AI has become a "ghost story," with American retail investors turning into "ghost catchers": buying more as prices fall, sticking to a relentless fight!
Cailian Press, February 27 (Editor: Xiaoxiang) The more sharply the market falls, the more aggressive retail investors in U.S. stocks—who adhere to the “YOLO” (You Only Live Once) philosophy—seem to be charging forward faster…
According to data compiled by JPMorgan Chase, despite the S&P 1500 Software & Services Index dropping nearly 20% since the beginning of the year, retail trading activity in the sector is approaching record levels.
JPM strategist Arun Jain stated that, although “some areas of the market continue to show cracks,” retail investors still “support the software industry.”
Data shows that among the “Big Seven,” Microsoft, which suffered the worst decline, was actually the most favored target by retail investors last week, leading the year-to-date holdings change. Additionally, ServiceNow and AppLovin have also attracted significant retail attention.
These retail buying behaviors are occurring amid a hit to software stocks. Previously, many companies released new AI products, causing investor concerns that these products might replace services from companies like Salesforce and Adobe.
On Monday, the industry was shocked by Citrini Research’s release of a “horrifying AI horror story,” suggesting AI could trigger widespread economic turmoil, fueling market panic once again. Nassim Taleb, author of The Black Swan, also warned that the software industry could face a wave of bankruptcies.
However, fears about AI do not seem to have scared retail investors; during the sell-off, they kept entering the market as buyers, which has also restored some market confidence. Marshall Front, Chief Investment Officer of Front Barnett Associates, said, “In our view, the sell-off in software stocks is clearly excessive, and we believe current valuations are attractive.”
Notably, on Thursday, as Nvidia’s stock plunged sharply the day after its earnings report, triggering intense volatility in the tech sector, the software industry outperformed semiconductors significantly, achieving one of the largest relative gains in nearly a decade.
Meanwhile, retail investors also appeared to show strong buying interest in Nvidia’s sharp decline that day.
According to VandaTrack Research, despite Nvidia’s stock dropping 5.5% on Thursday—the worst single-day performance since April 2025—record levels of retail dip-buying occurred during the session. In the first 80 minutes of trading, retail net purchases of individual stocks, including Nvidia, reached $360 million, surpassing the total buy volume of $336 million for the entire previous trading day.
Additionally, bottom-fishing was prominent in Broadcom, the iShares Expanded Tech Software Sector ETF (IGV), and the iShares Semiconductor ETF (SOXX). Vanda Research even remarked that retail investors experienced their largest buying day in months.
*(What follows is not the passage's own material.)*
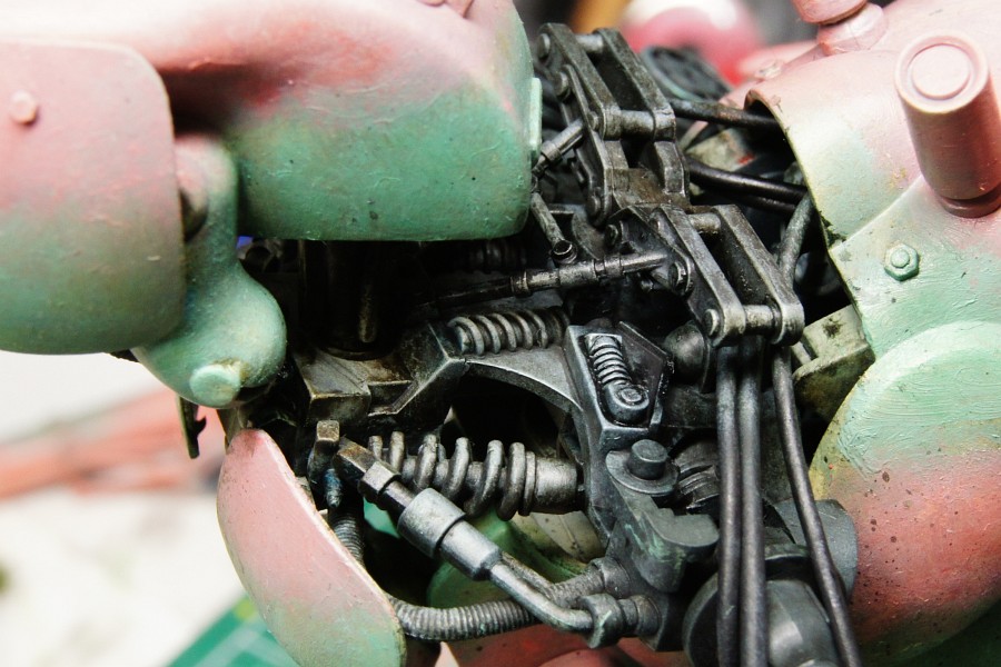 やっぱり油彩を使用。黒、青、茶(だいたいの色ね)を適当な感じに混ぜてちょいうすめてペタペタ塗ると、超簡単になんとなく金属っぽくなる(気がします・・・)。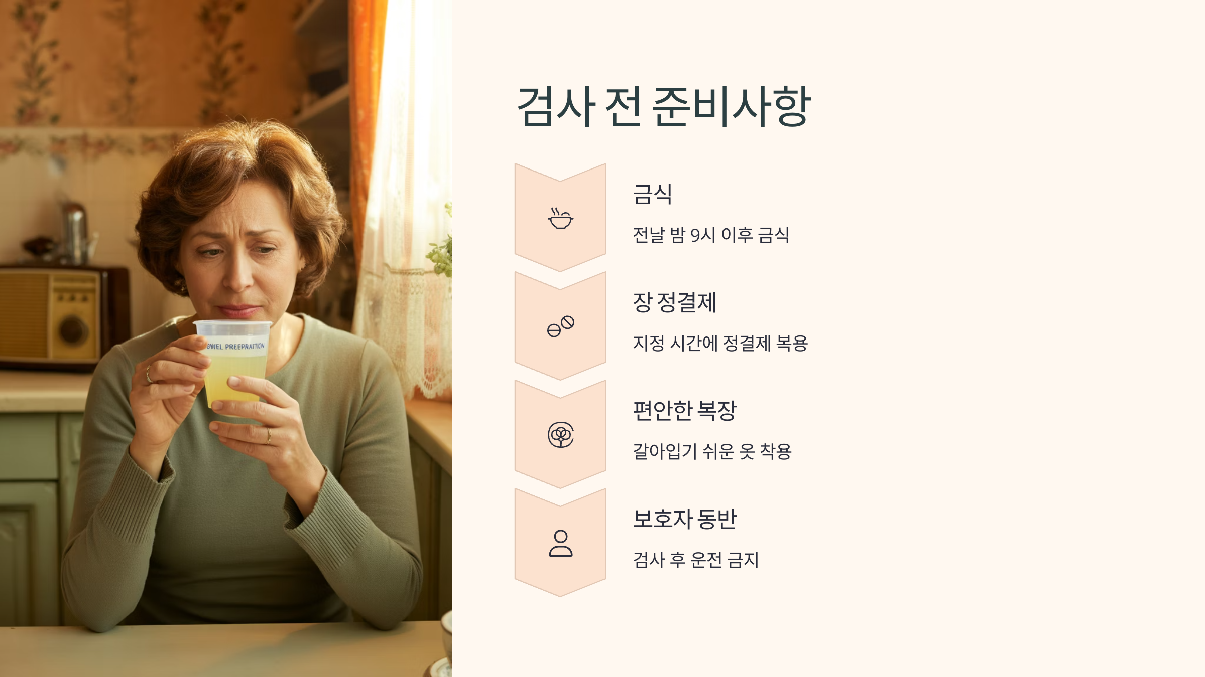 💡 TIP: 전날 저녁에는 고섬유질 음식이나 씨 있는 과일은 피하고, 흰죽이나 미음 위주로 섭취하세요!

In response, some analysts suggest that, in a market where every new AI development—no matter how minor—seems to cause hesitation, retail investors might actually be recognizing value.
Walter Todd, Chief Investment Officer of Greenwood Capital Associates, said, “Given the sell-off we’ve seen and its indiscriminate nature, I think this could be a good opportunity to find value.”
Todd noted that the long-term prospects for software companies may still be uncertain, but betting on short-term trends might be easier to manage. “These stocks have been sold off for weeks or even months, so it’s easy to foresee at least some short-term rebounds.”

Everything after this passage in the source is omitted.